A long folded accordion-fan form extending into vanishing-point distance — the context window.

The long-context atlas

Why attention is quadratic, how the field got past it, and when long context actually beats retrieval

Context length is the dimension of language models that has moved the fastest and been hyped the hardest. In 2020 a 4,096-token window was a flagship feature. By mid-2026 it is normal to see frontier models advertise one to two million tokens, with research demos pushing higher. The marketing reads like a leaderboard. The engineering reads very differently. This page is the honest atlas. The math is the same math it was in 2017: every token attends to every other token, which makes attention scale as O(n squared) in compute and memory. Everything that has happened since is a fight against that quadratic — sliding-window approximations, sparse patterns, distributed ring attention, smarter position encodings, and post-hoc extension tricks. Each one trades something away. None of them make the quadratic disappear; they just hide it behind better engineering or accept a lossier representation in exchange for length. We also have a second, quieter problem. Even when a model can ingest a million tokens, it does not use them evenly. Liu et al's "Lost in the Middle" study, published mid-2023, showed a U-shaped utilization curve that has held up well: models recall best near the start and end of their context, and significantly worse in the middle. Needle-in-haystack benchmarks — the most-cited proof that "long context works" — are easy to game with surface-level retrieval and tell you little about whether a model can actually reason over the middle of its own window. We wrote this atlas because we got tired of the gap between vendor blog posts and what an engineer actually needs to decide whether to use a 1M-token window or a retrieval pipeline. Below: the math, the architectural moves, the position-encoding family, the real numbers as of June 2026 (we point to provider docs for current figures), the failure modes, and the decision rule for long context versus RAG.
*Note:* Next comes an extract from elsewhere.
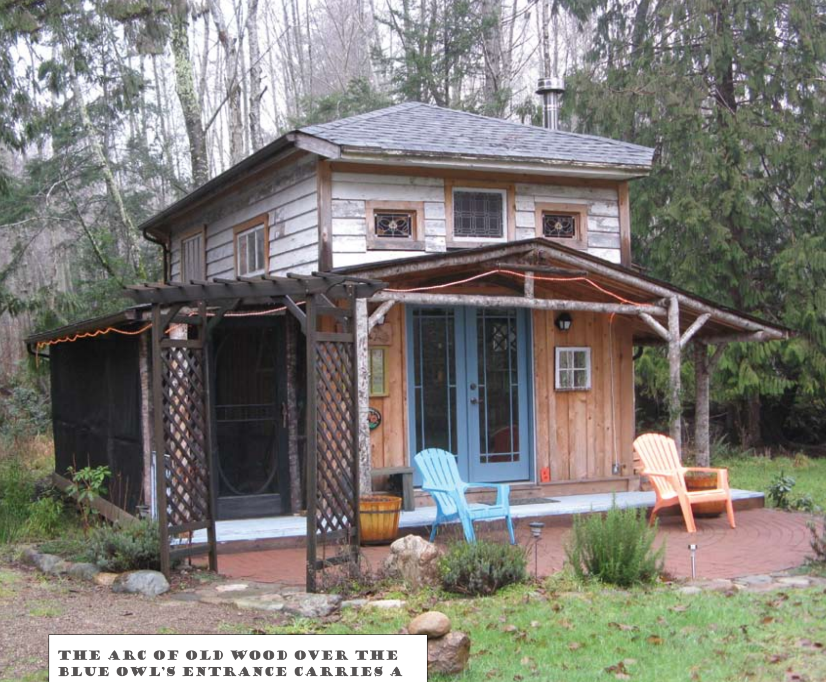
THE ARC OF OLD WOOD OVER THE BLUE OWL'S ENTRANCE CARRIES A LOT OF HISTORY

The quadratic that started everything

Self-attention as introduced in Vaswani et al's 2017 transformer paper is a beautifully simple operation. Every token produces a query, a key, and a value vector. Every query is compared against every key. The resulting n by n matrix of dot-products is softmaxed and used to mix the value vectors. That is the whole thing. The consequence is also simple. If you have n tokens, you compute n squared pairwise scores. You also store an n squared attention matrix in memory during training. Doubling your sequence length quadruples your compute and your activation memory. Going from 4K to 1M is not a 250-times increase in cost — it is a 62,500-times increase in the dominant attention term. Key-value cache changes the shape of the problem at inference time, but not the underlying scaling. During autoregressive decoding you can cache the K and V projections for previously generated tokens, so generating the next token costs O(n) attention work instead of O(n squared). But that cache itself grows linearly in n per layer, and on real hardware the cache can dominate memory long before the compute does. A 1M-token cache in a 70-billion-parameter model running at half precision is on the order of tens of gigabytes per request. Everything in the rest of this atlas is, in some sense, a way of refusing to pay the full quadratic price.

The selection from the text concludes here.